Suppose you have two square matrices, m1 and m2, of size n X n. The algorithm iteratively runs an O(n^2) operation on them while halving the matrices at each iteration. Something like the pseudo-code below:
while m1.width > 0:
u = m1 & m2 # pairwise logical and operation (O(n^2))
m1 = halve(m1)
m2 = halve(m2)
Since the loop is repeated log(n) times, O(n^2.log(n)) is an upper bound for the algorithm’s time complexity. I am looking for a tighter upper bound. Any ideas?
I expect a tighter upper bound based on the premise that the size of the matrices for which O(n^2) is estimated is logarithmically shrinking.
>Solution :
With a loop like this, it’s often a good idea to add up the work done in each iteration rather than to multiply the work done by one iteration by the number of iterations. After all, the work done per iteration is changing.
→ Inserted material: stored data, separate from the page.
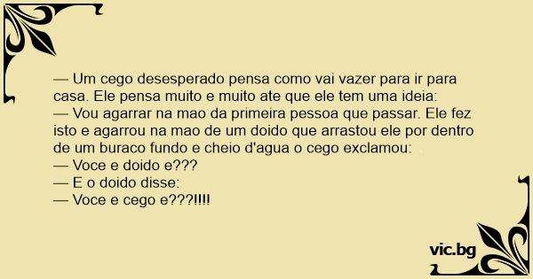 — Vou agarrar na mao da primeira pessoa que passar. Ele fez isto e agarrou na mao de um doido que arrastou ele por dentro de um buraco fundo e cheio d'agua o cego exclamou: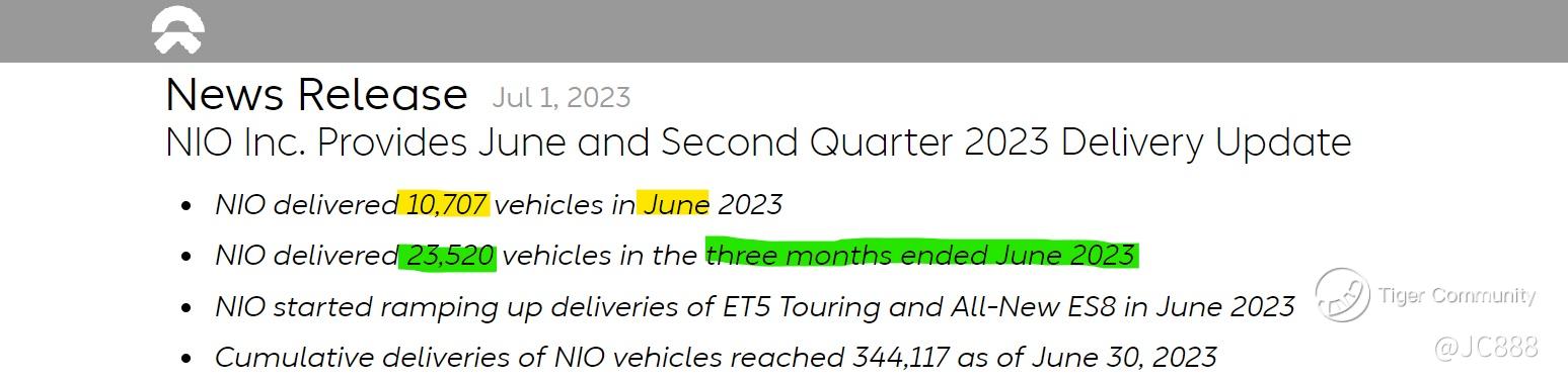 $NIO Inc.(NIO)$ has released its official EV deliveries for June 2023 and Q2 2023.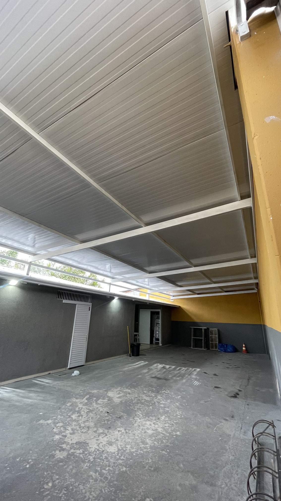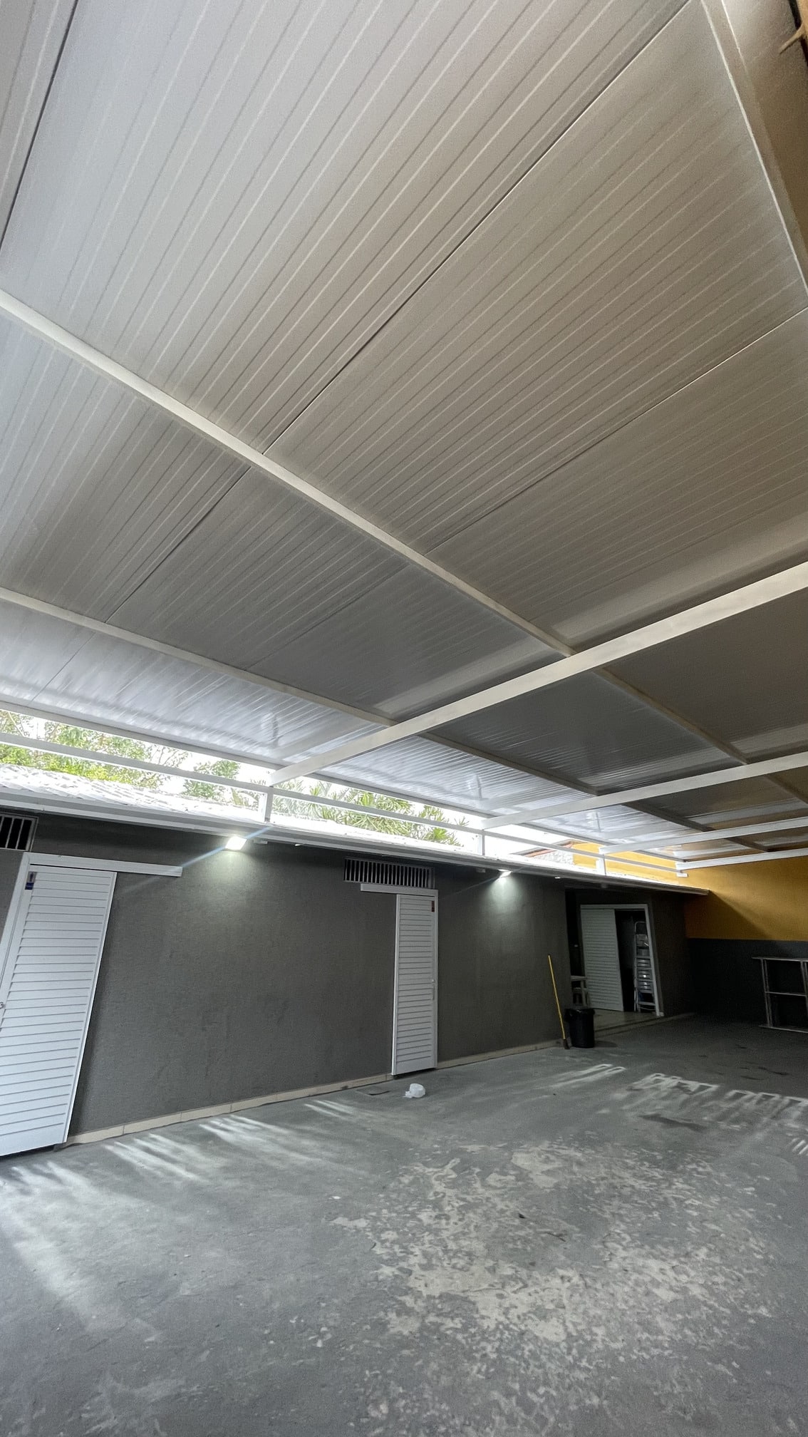Estrutura robusta em metalon galvanizado com telha termoacústica branca para ambientes sofisticados.

Leaving out the O notation for a moment, your first iteration does roughly n^2 work, both to compute the AND and to halve the matrix size. Now, how much work does the second iteration do? Well, since your matrices are half as big as before in each dimension, the work done to AND them is roughly (n / 2)^2 = n^2 / 4. When you halve the matrices again, the next AND does (n / 4)^2 = n^2 / 16 work. More generally, the kth time you go through the loop, your AND operation will do n^2 / 4^k work.
Adding this up across all iterations of the loop gives us that the total work done is
n^2 / 4^0 + n^2 / 4^1 + n^2 / 4^2 + …
= n^2 · (1 / 4^0 + 1/4^1 + 1/4^2 + …)
That latter bit is the sum of a geometric series, and it adds up to 4/3. So that gives us that the total work done is at my 4n^2 / 3, which is O(n^2).
Another way to see this: while your code is written iteratively, you could imagine thinking of it as a recursive algorithm that does O(n^2) work, then runs again on an input of size n / 2. That gives the recurrence
T(n) = T(n / 2) + O(n^2).
The Master Theorem then tells you that (with a = 1, b = 2, d = 2, and log_b a < d) that the solution is O(n^2).